As I say that, I think that I have possibly done some work worth doing. Not sure that anyone will want to use these songs as soundscape to life but on the other hand, maybe a lot of people will.
There are some good ones.
I’m starting to get excited. It’s been a long time since I’ve felt this way.
This record has clawed at my soul, brought loss, change and periods of trouble and illness.
But here I stand and I say that this thing might be the best I’ve done. Definitely the best that I can do right now. That’s always the goal.
Hope to have a song on the radio in June for you…and me.
Talk to you soon.
Get your boat tickets. The last cruise was SO fun! Crazy fun!

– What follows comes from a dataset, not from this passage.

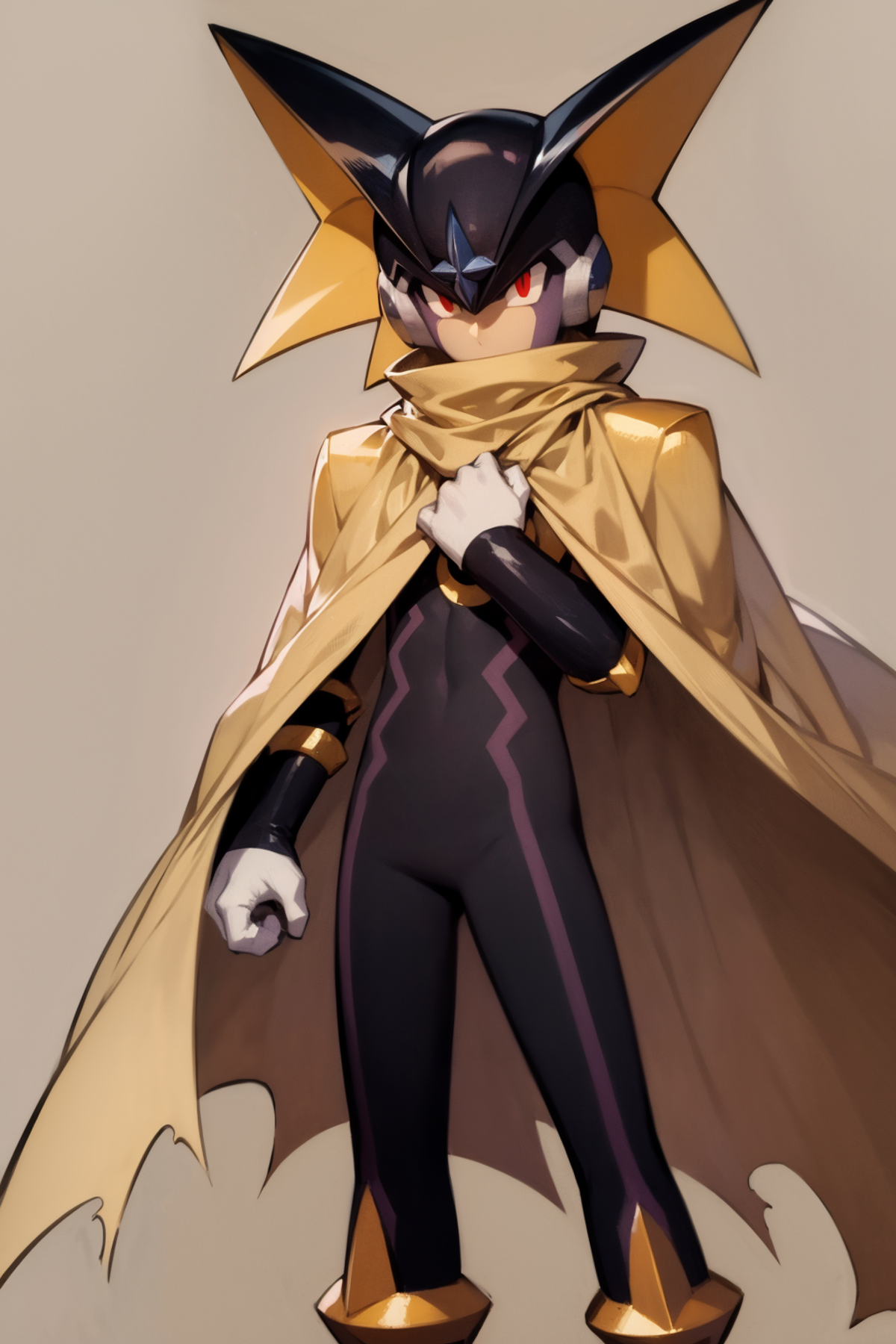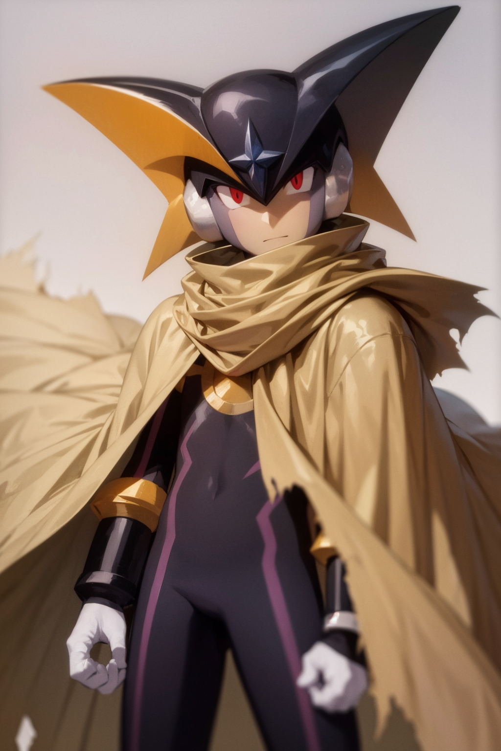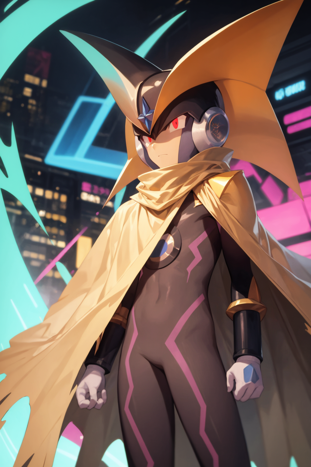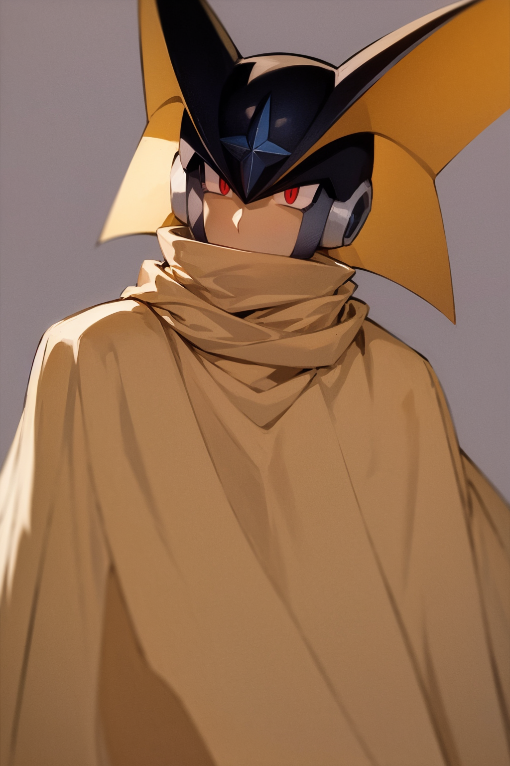 Other prompts : 1boy, helmet, red eyes, cape, torn clothes, armor, gloves, android, cloak, bodysuit

Lots of smiles hide the truth
Lots of tears are lies
I can see what’s real
By looking in your eyes
Victims are the ultimate
Cop out that I know
Take your share it’s brave to do
And then you can let go
Come and take my last surrender
You’re the one I want
And when I’ve said too much too soon
All my dreams you’ll haunt
I want people to be happy.
I probably can’t help anyone really get there. We all want to be hipsters but what makes them hip isn’t what they like, it’s what they hate.
Fuck that. Time to like shit.
Haters sit in their own hate and it expands.
I will love and like and I will be happy.
No one should ever feel bad for me no matter how bitchy I get. Tired, working too hard, not feeling good, who cares?
Tom Arnold told me he wasn’t arrogant enough to be upset all the time. That would mean that he didn’t look around to see real problems. Smart fella.
I haven’t spent much time on twitter and all that stuff because I figure what you REALLY want from me is good music.
So, I’m working on that. We all need good music plus it doesn’t hurt to have your favorite band do hood work! Validating for all of us.
Anyway, I’ve been writing for a long ass time now. It’s miserable. It’s raw and weird and it sucks but ya know what? It’s right. It takes times like these to mean something. I preach this shit in the classroom all the time. Hurt. Feel. Songs will come. It’s true and now I’m living it.
So, that’s what I’ve been doing. If you miss me, go to Patcast.com and if you don’t miss me then you’re fine.
I’m getting tired of reaching for the starts but the starts don’t seem to tire of reaching for me.